Work item: Copy exactly. Include the line containing "Ritrovo alle ore", every line after it, and the last line below, but no pictures.

Records supplied:
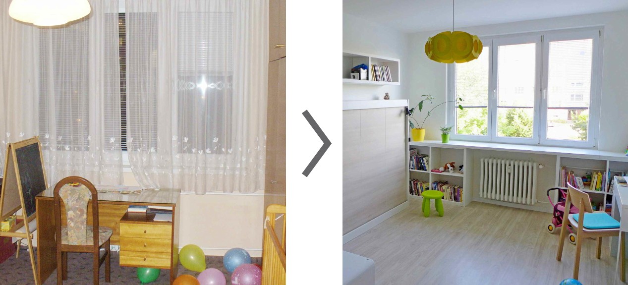 Milý starší manželský pár mě požádal o přetvoření původního dětského pokoje na pokoj pro hosty. Hosty v tomto případě měly být hlavně jejich již dospělé děti s vnoučaty - bydlí v cizině a jezdí do ČR pravidelně navštěvovat své rodiče. Pro manžele jsem již dříve navrhovala a realizovala kuchyni na míru včetně jejího propojení s obývací částí (zajištění stavebního řízení). V této zakázce jsem ale od klientů měla méně svázané ruce a mohla si s návrhem více pohrát.
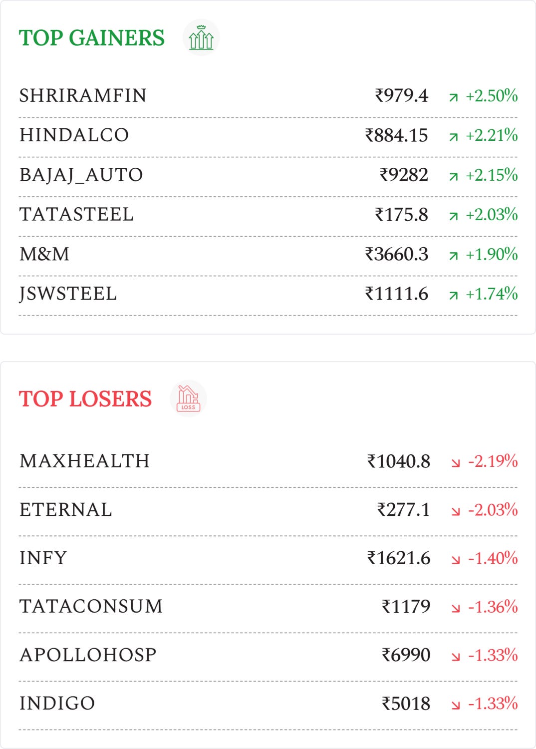 IFCI (+4.88%): Stock gained after selling a 10% stake in NEDFi for ₹122 crore, monetising investments amid ongoing consolidation plans.
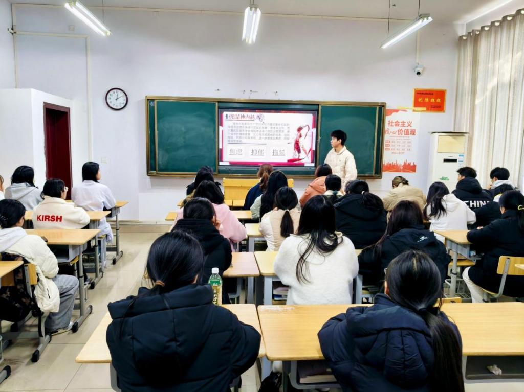 活动开始前,主持人介绍了本次活动的意义与目的,紧接着全体人员起立奏唱团歌,并观看了心理健康相关视频,接下来的一些小互动,让同学们更深入地了解到心理健康的重要性。团委干事彭垚通过讲解PPT内容,让大家对心理健康的重要性有了更清晰的认识。最后,本次团日活动在团委书记余莎同志的总结中圆满结束。
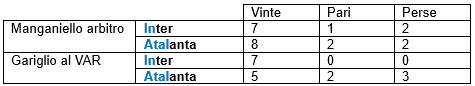 Inter - Atalanta: arbitra Manganiello, VAR Gariglio (aggiornato con precedenti)
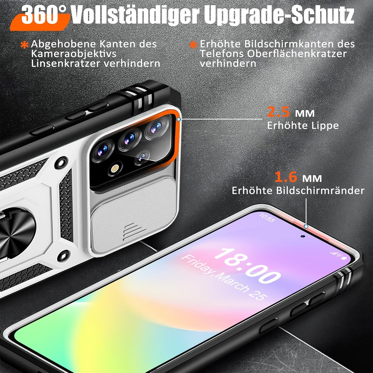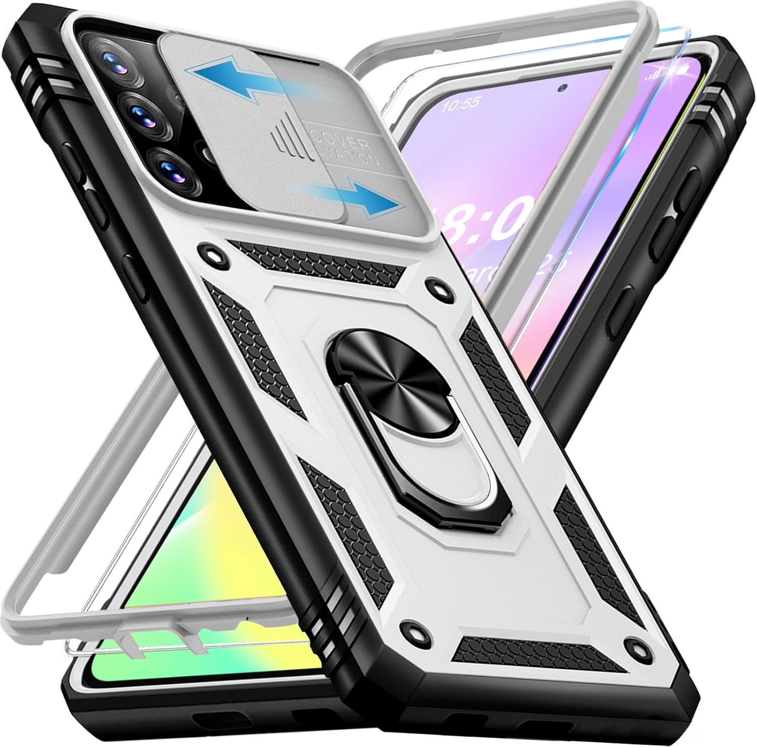Кейс за мобилен телефон за Samsung Galaxy A53 5G с протектор за екрана, защитен калъф за Galaxy A53 5G със защита на камерата, въртящ се на 360° метален пръстен, стойка, удароустойчива броня, калъф за A53 5G 6.5 инча
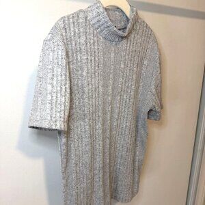 Gray Ribbed Sweater Tee Short Sleeve Mock Neck S - Y2K Style Forever 21
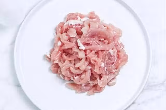 2、下面準備來腌制啦,不放料酒,應該放什麼?大家可以試試,把花椒水用開水沖泡一下,沖泡成一碗花椒水,待其晾涼之後,將其倒入肉絲中,充分攪打一會兒,然後來腌制,則可以去除大部分的腥味,比料酒效果好。
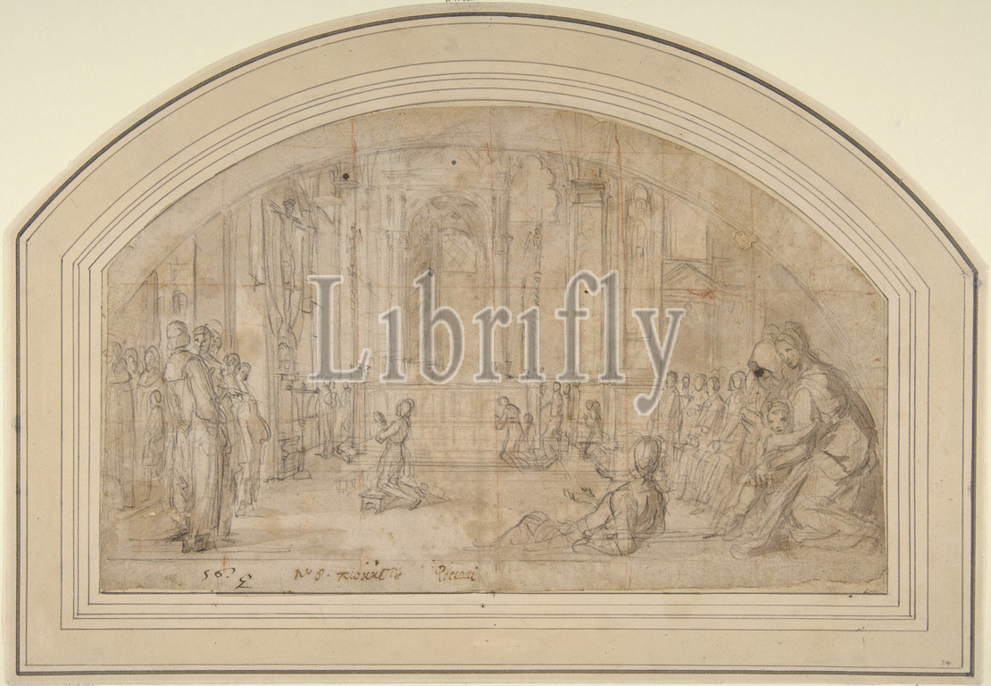 Saint Antoninus Kneeling, Crucifix, Orsanmichele, Florence, 1600–1605, Charcoal, pale brown wash, beige paper, Partially squared off, red chalk, 6-7/8 x 10-15/16, 17.4 27.8 cm, Drawings, Bernardino Poccetti, Italian, San Marino di Valdelsa, 1548–1612, Walter Vitzthum, 1955 identified, drawing, study, lunette-shaped frescoes, representing, scenes, life, Dominican archbishop, Antoninus, painted, Poccetti ca
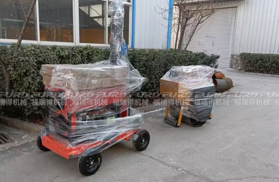 福瑞得1臺(tái)手扶壓路機(jī)和移動(dòng)燈車打包發(fā)往紹興
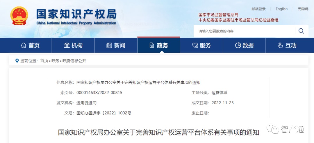 為深入貫徹落實黨的二十大精神,推進(jìn)落實黨中央、國務(wù)院印發(fā)的《知識產(chǎn)權(quán)強(qiáng)國建設(shè)綱要(2021—2035年)》和國務(wù)院印發(fā)的《“十四五”國家知識產(chǎn)權(quán)保護(hù)和運用規(guī)劃》,將中辦、國辦印發(fā)的《建設(shè)高標(biāo)準(zhǔn)市場體系行動方案》關(guān)于“建設(shè)國家知識產(chǎn)權(quán)和科技成果產(chǎn)權(quán)交易機(jī)構(gòu)”部署落實落地,按照《國家知識產(chǎn)權(quán)局關(guān)于促進(jìn)和規(guī)范知識產(chǎn)權(quán)運營工作的通知》(國知發(fā)運字〔2021〕22號)要求,推進(jìn)實施知識產(chǎn)權(quán)運營體系建設(shè)工程,在前期工作基礎(chǔ)上,進(jìn)一步完善知識產(chǎn)權(quán)運營平臺體系,現(xiàn)將有關(guān)事項通知如下:
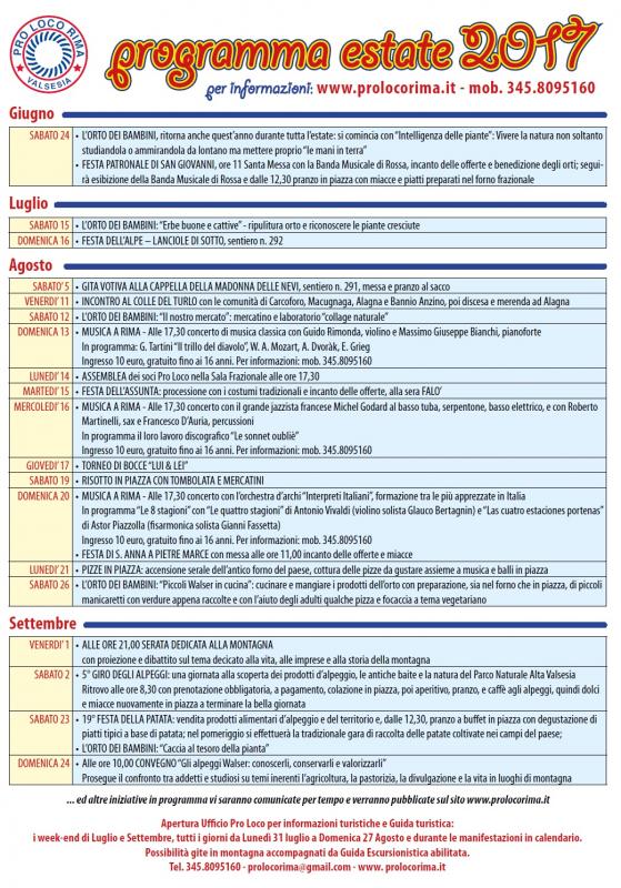 Ritrovo alle ore 8,30 con prenotazione obbligatoria, a pagamento, colazione in piazza, poi aperitivo, pranzo, e caffè agli alpeggi, quindi dolci e miacce nuovamente in piazza a terminare la bella giornata
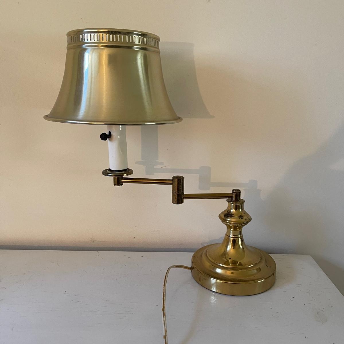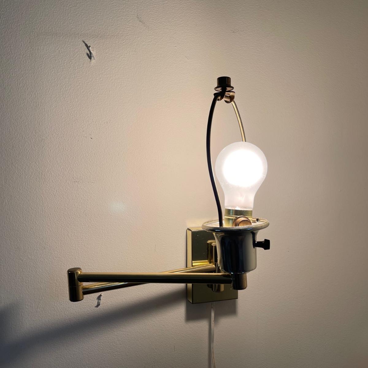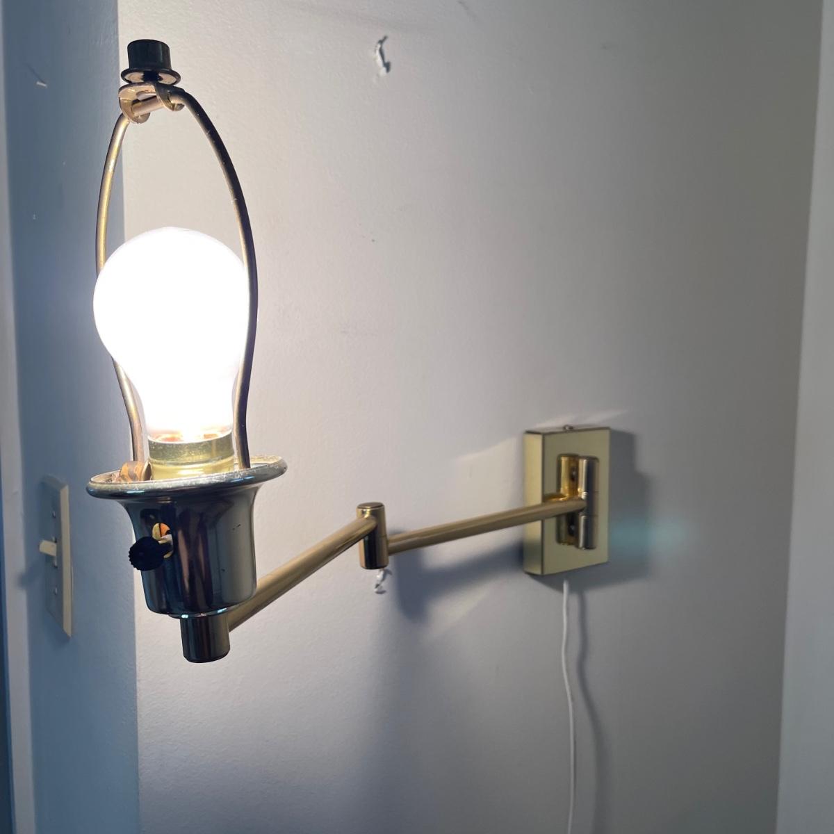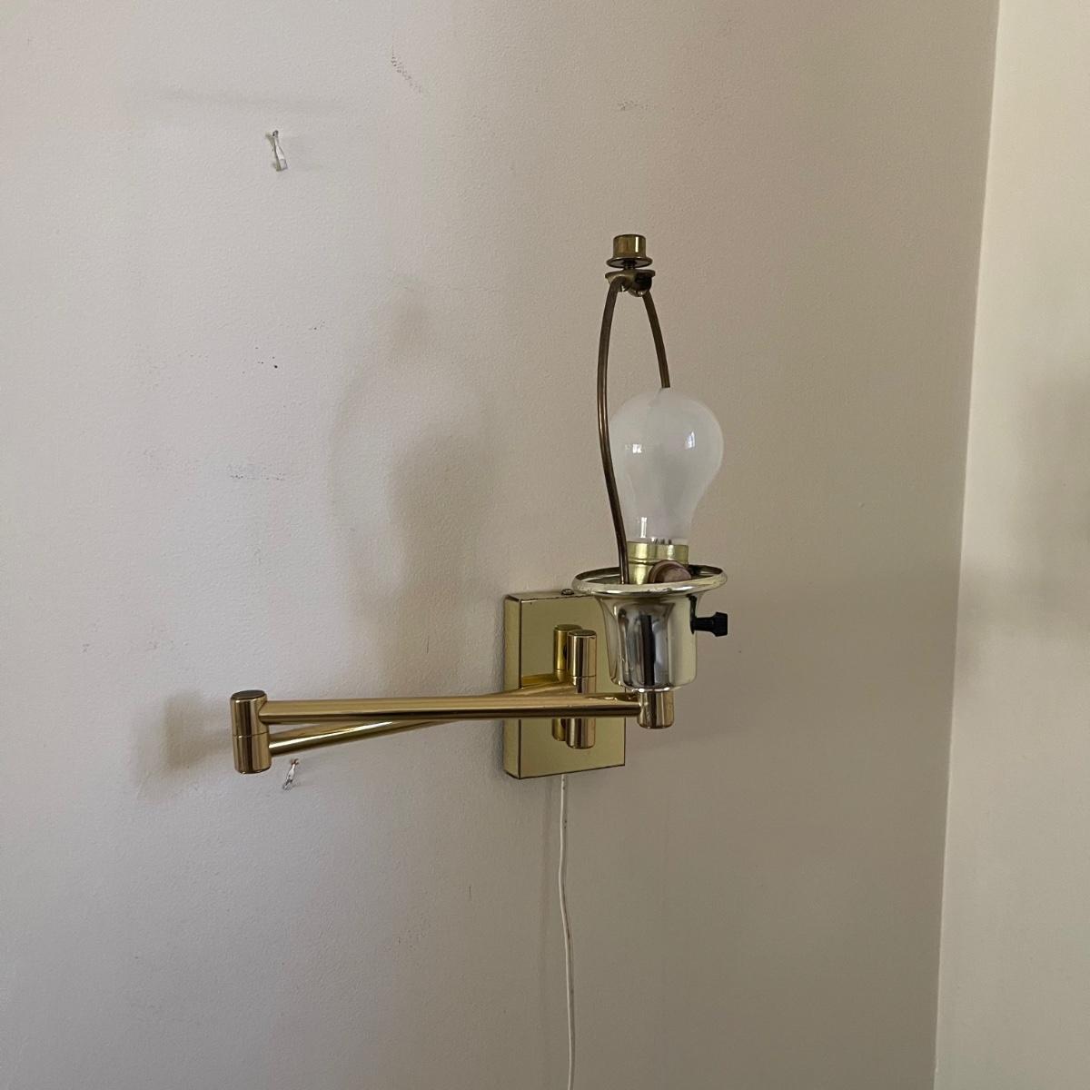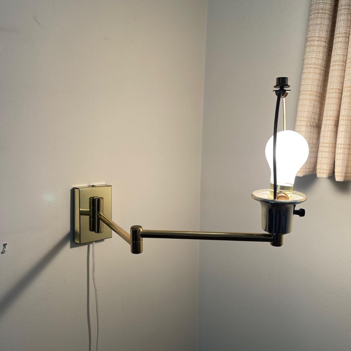 Two adjustable gold colored lamps, one is a desk lamp and the other is a reading light attached to the wall. They both power on. The reading light will need to be removed from the wall, please prepare to do that.
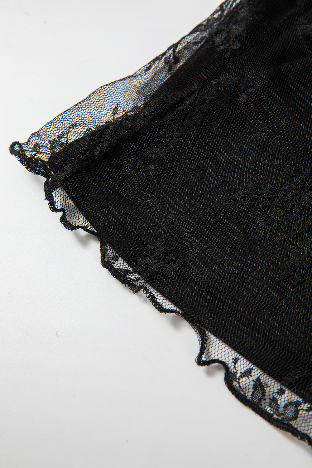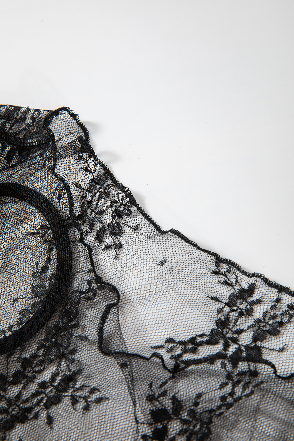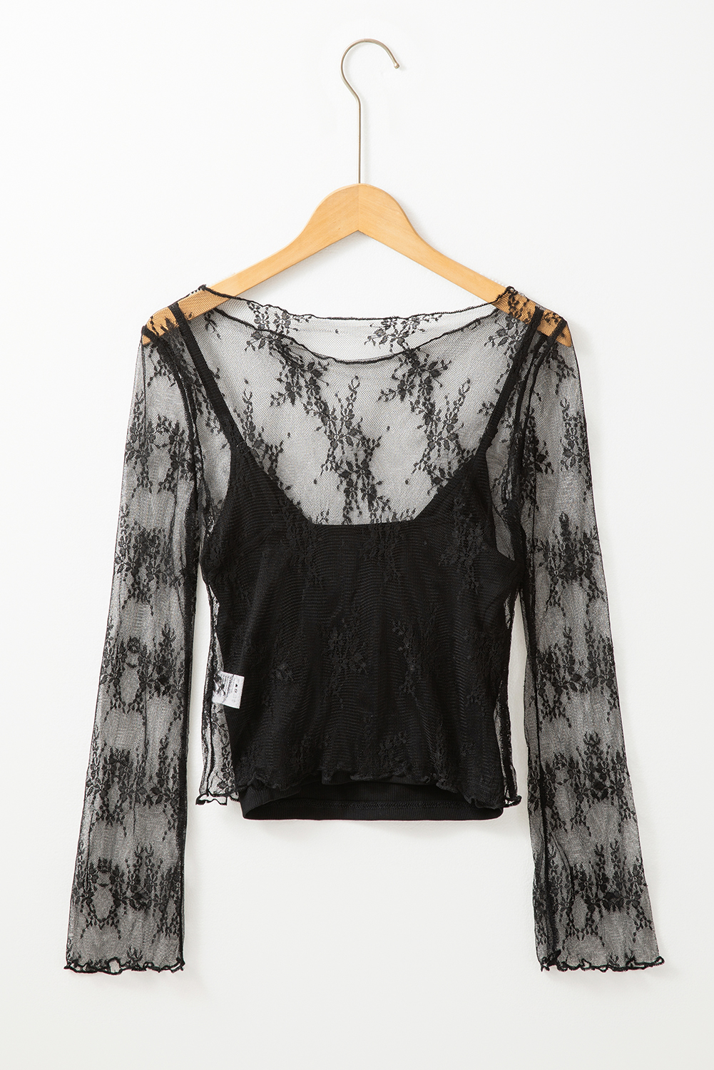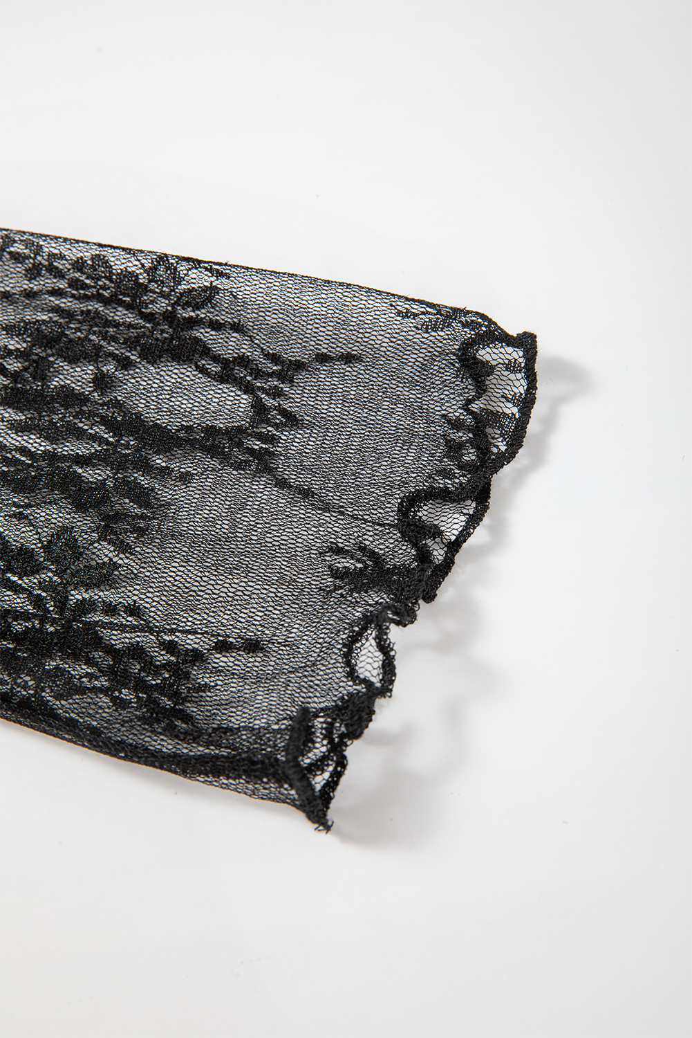 Chemisier noir à manches longues et en maille de dentelle avec épissure au crochet

Reply to the task:
 Ritrovo alle ore 8,30 con prenotazione obbligatoria, a pagamento, colazione in piazza, poi aperitivo, pranzo, e caffè agli alpeggi, quindi dolci e miacce nuovamente in piazza a terminare la bella giornata
 Two adjustable gold colored lamps, one is a desk lamp and the other is a reading light attached to the wall. They both power on. The reading light will need to be removed from the wall, please prepare to do that.
 Chemisier noir à manches longues et en maille de dentelle avec épissure au crochet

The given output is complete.